River-basin “accounting,” then, was a perversion of a sensible idea—that idea being to plan the “orderly” (a favorite Bureau word) development of a river basin from headwaters to mouth. But even if it subverted logic, economics, and simple common sense, it was essential to the Bureau’s survival as an institution and to the continued expansion of irrigation in the high, arid West. On the other hand, it was something akin to a blanket death sentence for the free-flowing rivers in sixteen states.

What the upper basin of the Colorado lacked, because of its elevation, in feasible irrigation projects it more than made up—for the same reason—in sites for cash register dams. High and mountainous, geologically young, the basin had deep valleys and tight plunging gorges ideal for dams—gorges in which ran rivers that fed the main Colorado and could be included, under the bizarre new logic of river-basin accounting, in any grand basinwide scheme. The rivers, draining arid and semiarid regions, may not have held much runoff, but a very high dam on a small river can yield as much hydroelectricity as a low dam on a much larger one; that is the beauty of what dam engineers call hydrologic head: velocity of falling water does the work of volume, of mass.

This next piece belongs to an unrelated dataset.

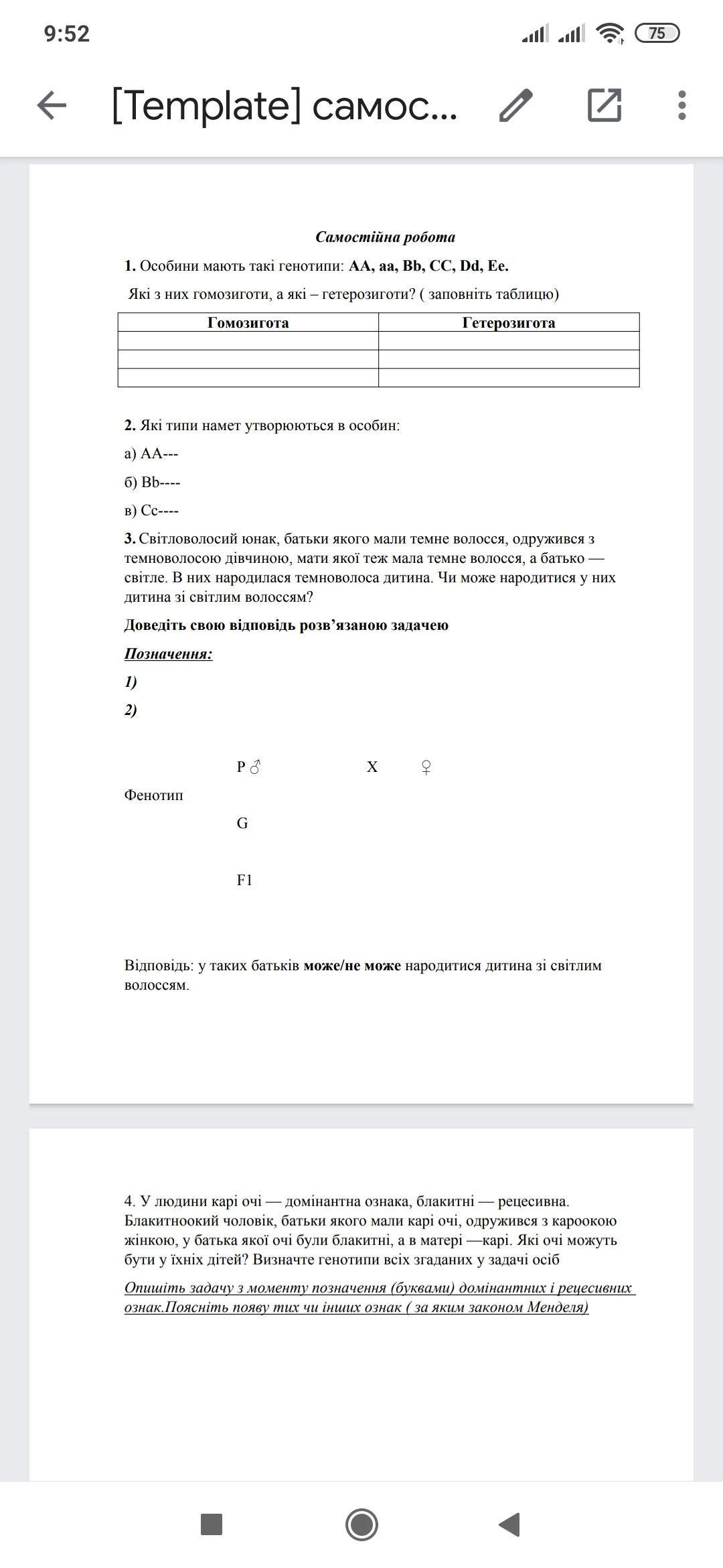 Расщепление по генотипу 1:1, расщепление по фенотипу 1:1. Ребенок может иметь как генотип aA (темные волосы), так и генотип aa (светлые волосы). Рождение темноволосого ребенка не исключает рождения светловолосого ребенка в будущем.

There was Glen Canyon on the main-stem Colorado, Powell’s favorite riverine haunt, an ideal site for a six-hundred-foot dam. There was Flaming Gorge on the Green, and Red Canyon—each a perfect site for a gigantic curved-arch, thin-wall dam approaching Hoover in size. There was the Black Canyon of the Gunnison, an almost sheer thousand-foot gorge with several sites for high dams. The Dolores, the Yampa, the White, even smaller streams like the Animas and San Miguel and Little Snake—each had at least one site for a cash register dam. Since the dams would have to be large compared to the meager river flows, they would be expensive to build. But that wouldn’t matter; the Bureau had the Treasury at its disposal.

All the upper basin needed, then, was Congressional clout—that, and a Reclamation Commissioner who believed in dams for dams’ sake. And it was the upper basin’s further good fortune that, near the end of his third term, Franklin Roosevelt would appoint such a man as his Commissioner of Reclamation. His name was Michael Straus.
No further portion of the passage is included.